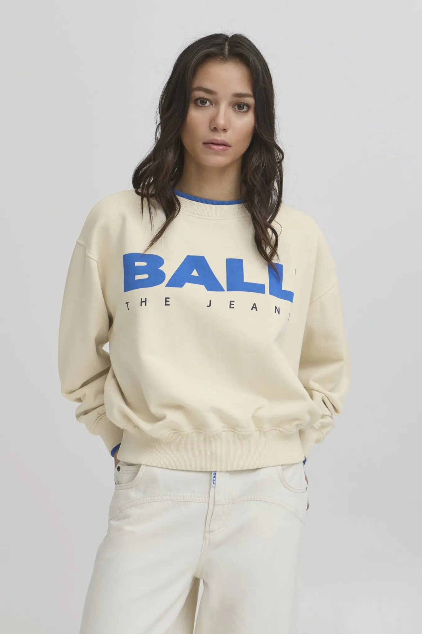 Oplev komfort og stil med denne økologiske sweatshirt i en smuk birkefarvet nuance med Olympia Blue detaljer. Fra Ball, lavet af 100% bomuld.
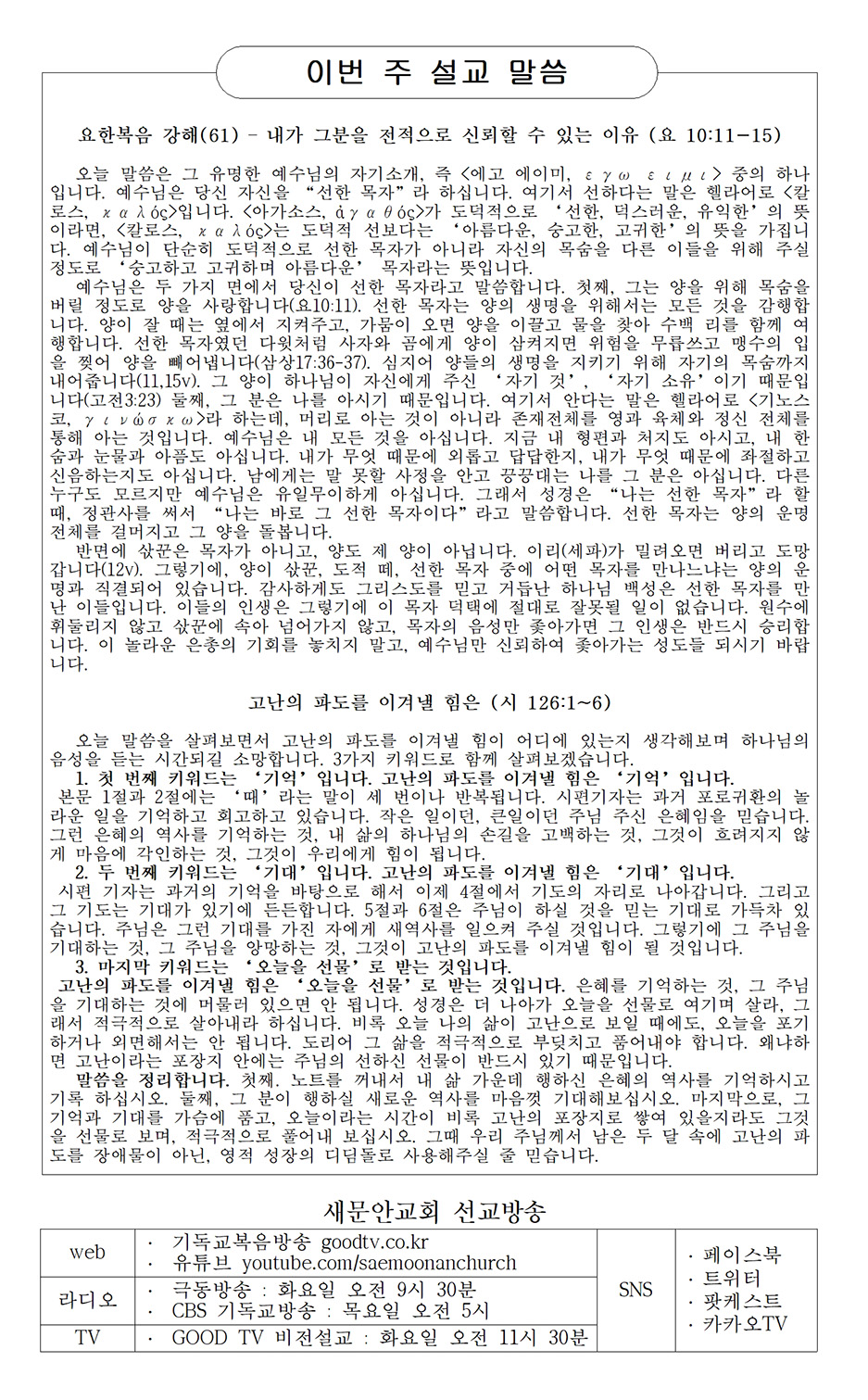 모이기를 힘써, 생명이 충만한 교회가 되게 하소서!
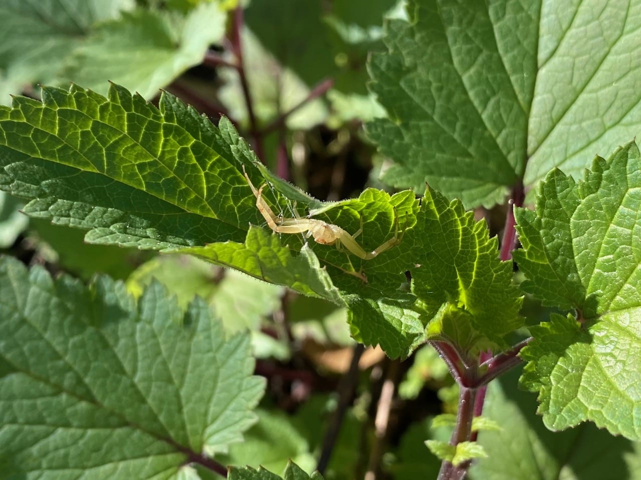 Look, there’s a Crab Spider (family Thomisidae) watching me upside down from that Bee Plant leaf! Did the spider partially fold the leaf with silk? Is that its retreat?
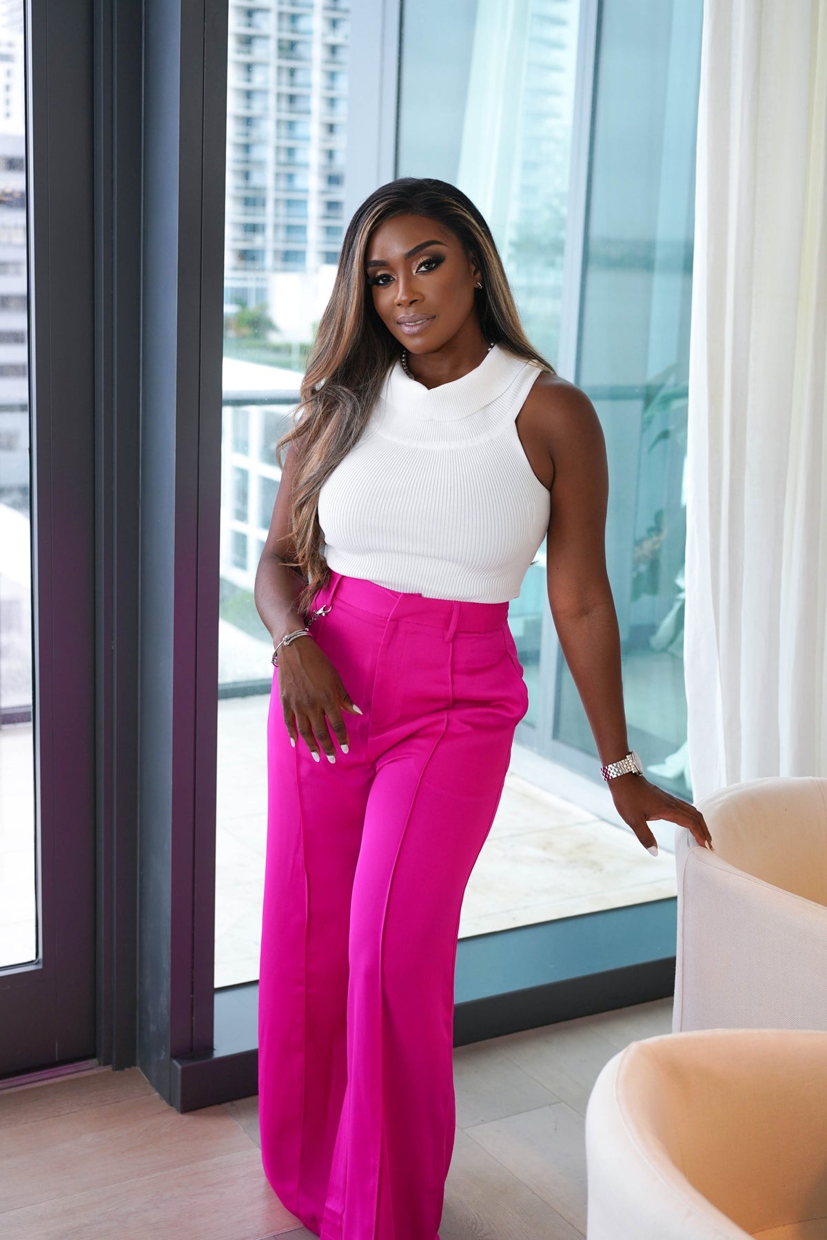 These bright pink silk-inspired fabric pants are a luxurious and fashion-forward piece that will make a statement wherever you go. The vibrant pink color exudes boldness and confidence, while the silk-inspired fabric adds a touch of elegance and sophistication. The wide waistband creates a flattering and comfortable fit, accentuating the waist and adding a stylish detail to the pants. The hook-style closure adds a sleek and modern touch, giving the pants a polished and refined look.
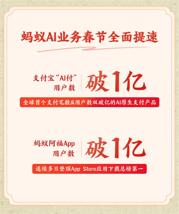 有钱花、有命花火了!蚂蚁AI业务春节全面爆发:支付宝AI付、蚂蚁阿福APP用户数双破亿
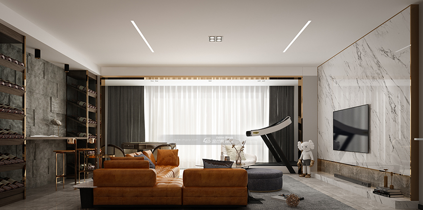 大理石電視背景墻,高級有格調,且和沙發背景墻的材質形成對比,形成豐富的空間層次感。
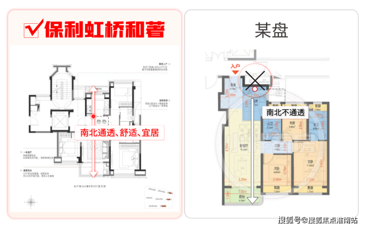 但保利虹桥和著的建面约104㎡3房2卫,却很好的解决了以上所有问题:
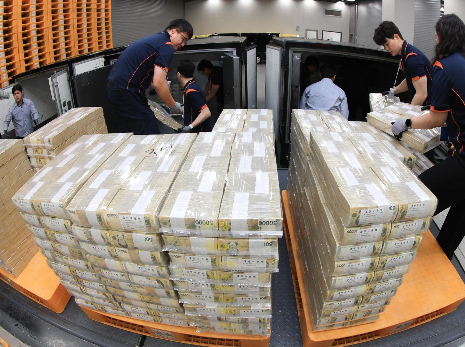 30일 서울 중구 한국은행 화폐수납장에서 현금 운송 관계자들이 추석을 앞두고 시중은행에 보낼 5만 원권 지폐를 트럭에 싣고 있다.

########

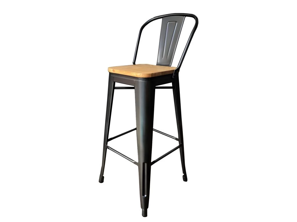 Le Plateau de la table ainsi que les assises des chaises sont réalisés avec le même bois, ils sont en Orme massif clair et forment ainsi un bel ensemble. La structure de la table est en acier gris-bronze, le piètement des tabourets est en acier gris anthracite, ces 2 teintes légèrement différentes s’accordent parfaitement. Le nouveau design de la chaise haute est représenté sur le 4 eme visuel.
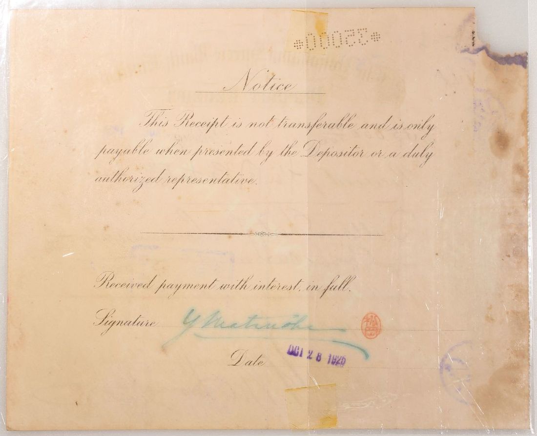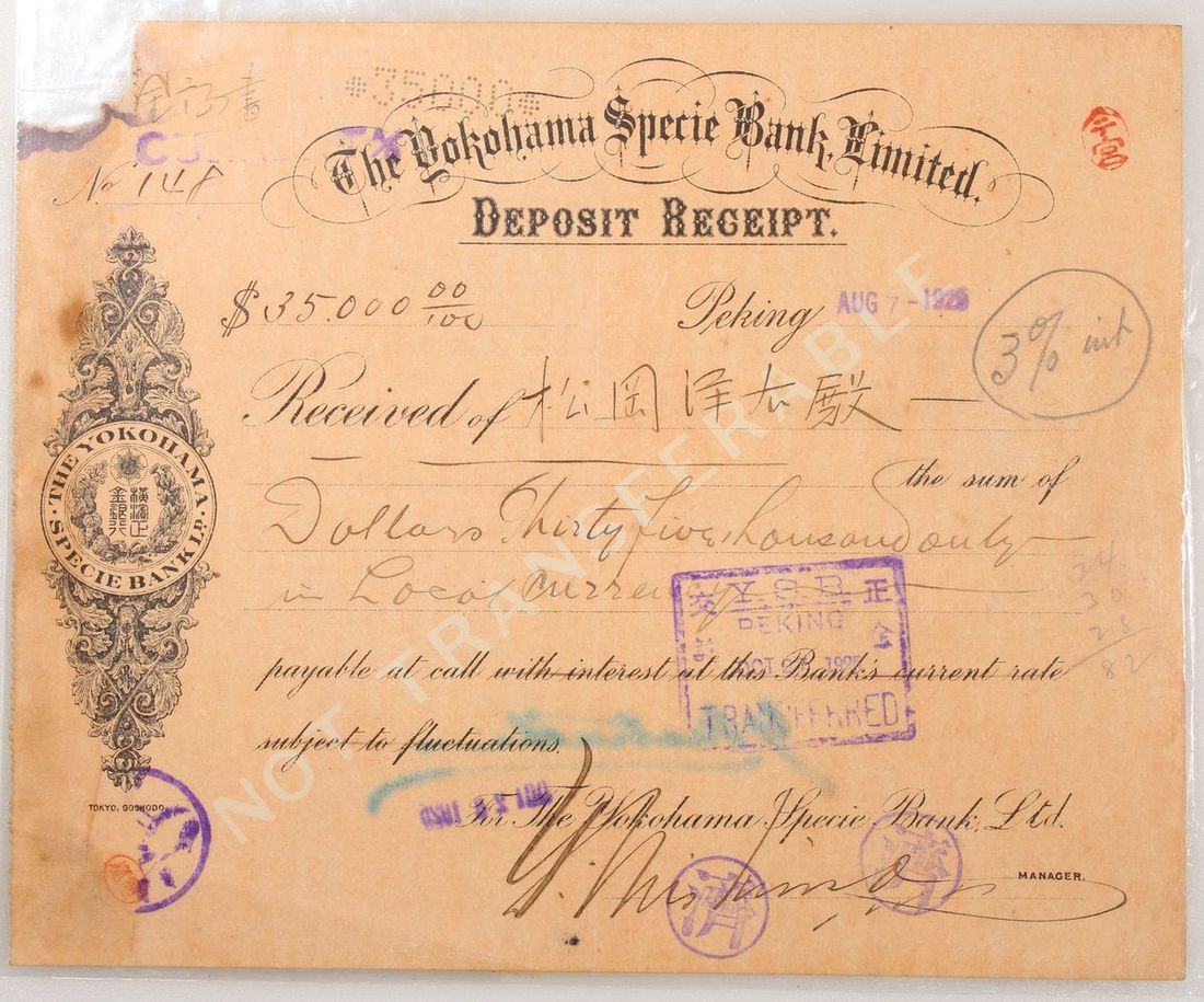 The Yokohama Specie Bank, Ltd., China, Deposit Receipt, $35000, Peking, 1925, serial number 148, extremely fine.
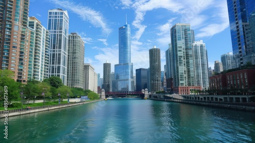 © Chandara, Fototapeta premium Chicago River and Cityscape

########

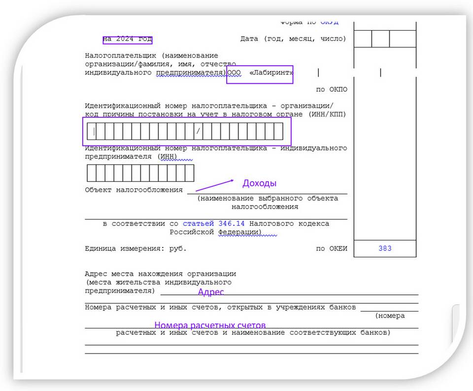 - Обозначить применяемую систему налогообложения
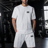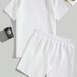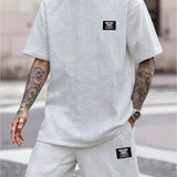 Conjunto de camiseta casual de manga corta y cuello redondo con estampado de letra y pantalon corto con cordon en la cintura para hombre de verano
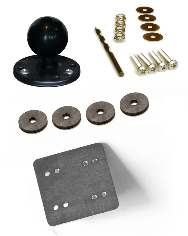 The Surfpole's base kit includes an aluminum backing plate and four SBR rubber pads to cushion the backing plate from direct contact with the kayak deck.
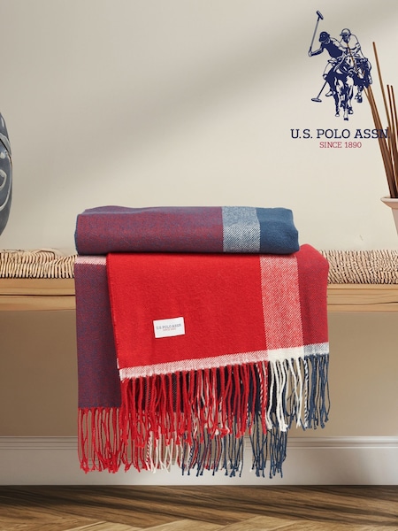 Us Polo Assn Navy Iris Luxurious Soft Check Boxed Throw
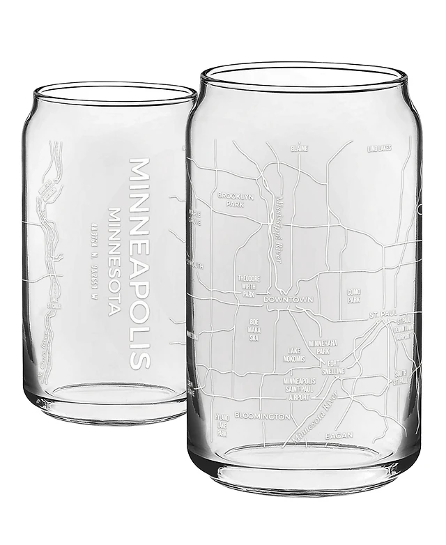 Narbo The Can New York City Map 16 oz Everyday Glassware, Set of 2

########

◆ **Task description**
Nothing but the lines from the one with "- Обозначить применяемую" to the one with "Narbo The Can" above, both included, should be transcribed, exactly and without pictures.

◆ **Response to this exercise**
 - Обозначить применяемую систему налогообложения
 Conjunto de camiseta casual de manga corta y cuello redondo con estampado de letra y pantalon corto con cordon en la cintura para hombre de verano
 The Surfpole's base kit includes an aluminum backing plate and four SBR rubber pads to cushion the backing plate from direct contact with the kayak deck.
 Us Polo Assn Navy Iris Luxurious Soft Check Boxed Throw
 Narbo The Can New York City Map 16 oz Everyday Glassware, Set of 2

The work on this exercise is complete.